Design, Sites, and Data Sources
The evaluation has four research components:
An impact study: The impact analysis will examine the program’s effects on a wide range of outcomes, including participants’ employment, earnings, family income, benefit receipt, rent burden, and homelessness. The impact study will draw on baseline and follow-up surveys, PHA administrative records, unemployment insurance wage records obtained through the National Directory of New Hires (which capture employer-reported employment and earnings), and data from Temporary Assistance for Needy Families, the Supplemental Nutrition Assistance Program, and the Homelessness Management Information System.

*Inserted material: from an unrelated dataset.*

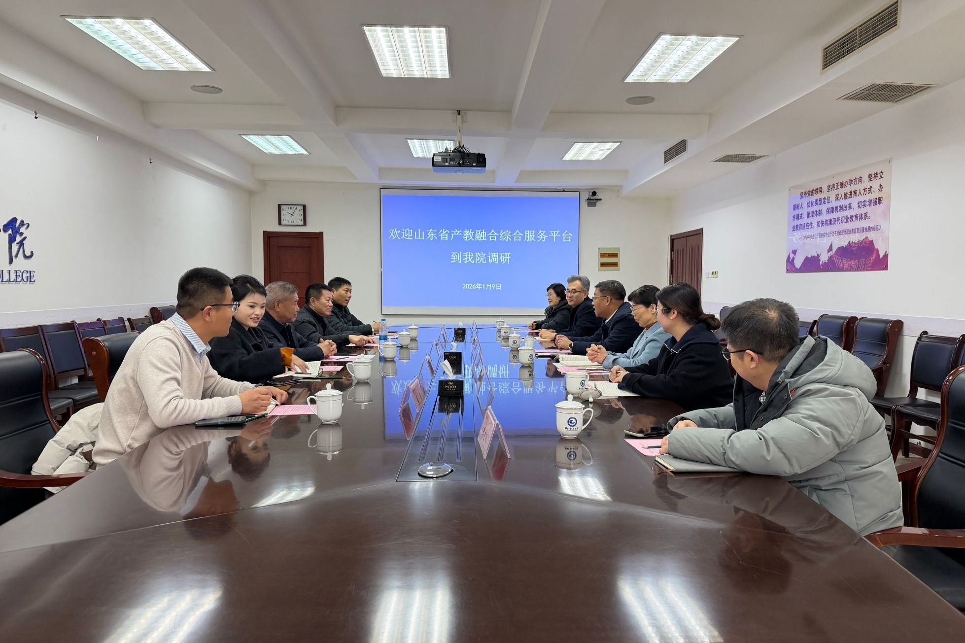 1月9日,山东省产教融合综合服务平台副主任王宪功一行5人来我院考察交流。学院院长韩瑞东、副院长陈美霞接待客人,国际交流与合作处、化学工程学院、农林科技学院相关负责同志参加座谈。

A survey: Additional outcome data for the impact analysis will come from a household survey of heads of household fielded around four years after families enrolled in the study. The survey will cover a wide range of outcomes, including job characteristics, reasons for not working, family composition, total family income, family poverty, housing stability, relationships with landlords, savings, debt, financial practices, material hardships, and additional quality-of-life indicators.

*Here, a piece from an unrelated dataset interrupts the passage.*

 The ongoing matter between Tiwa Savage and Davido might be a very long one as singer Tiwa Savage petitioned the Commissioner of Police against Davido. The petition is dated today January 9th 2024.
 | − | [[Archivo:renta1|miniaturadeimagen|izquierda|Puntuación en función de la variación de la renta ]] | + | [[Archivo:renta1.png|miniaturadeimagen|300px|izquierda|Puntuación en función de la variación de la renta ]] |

An implementation study: This component will describe the implementation of rent reforms from both the housing agency and tenant perspectives. For the housing agencies, the study could cover staff members’ experiences operating and implementing the new rent policy and their relationships with participants. For tenants, it could cover their understanding of and perspectives on the new rent policy, and their relationships with housing agency staff.

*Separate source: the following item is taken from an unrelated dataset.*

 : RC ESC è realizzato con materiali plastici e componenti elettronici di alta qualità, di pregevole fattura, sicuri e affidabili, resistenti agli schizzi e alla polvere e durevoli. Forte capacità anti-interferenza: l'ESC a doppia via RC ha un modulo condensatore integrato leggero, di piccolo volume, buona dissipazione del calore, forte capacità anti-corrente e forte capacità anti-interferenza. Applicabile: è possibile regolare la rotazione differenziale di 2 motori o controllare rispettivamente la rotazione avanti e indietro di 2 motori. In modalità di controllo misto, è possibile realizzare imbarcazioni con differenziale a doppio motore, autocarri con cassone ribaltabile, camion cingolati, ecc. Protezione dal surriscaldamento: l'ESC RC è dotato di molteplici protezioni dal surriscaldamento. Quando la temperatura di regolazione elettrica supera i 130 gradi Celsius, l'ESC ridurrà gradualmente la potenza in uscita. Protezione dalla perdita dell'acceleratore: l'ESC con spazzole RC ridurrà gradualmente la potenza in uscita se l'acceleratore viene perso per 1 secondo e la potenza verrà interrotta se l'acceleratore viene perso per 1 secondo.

A cost study: Data from housing agencies and data collected through direct observations, interviews, surveys, and other standardized measurements will be used to compute the costs of operating the new rent policy and to determine what cost savings if any the alternative system yields relative to the traditional rent policy.
The evaluation also includes technical assistance provided by MDRC and its subcontractors to aid the study’s PHAs in implementing the alternative rent policy and in expanding the alternative rent model to the control group or their entire Housing Choice Voucher population, or returning the alternative rent policy group to the existing rent model or a different alternative model at the PHAs discretion.
A series of six reports will be produced on the study’s short- and long-term findings.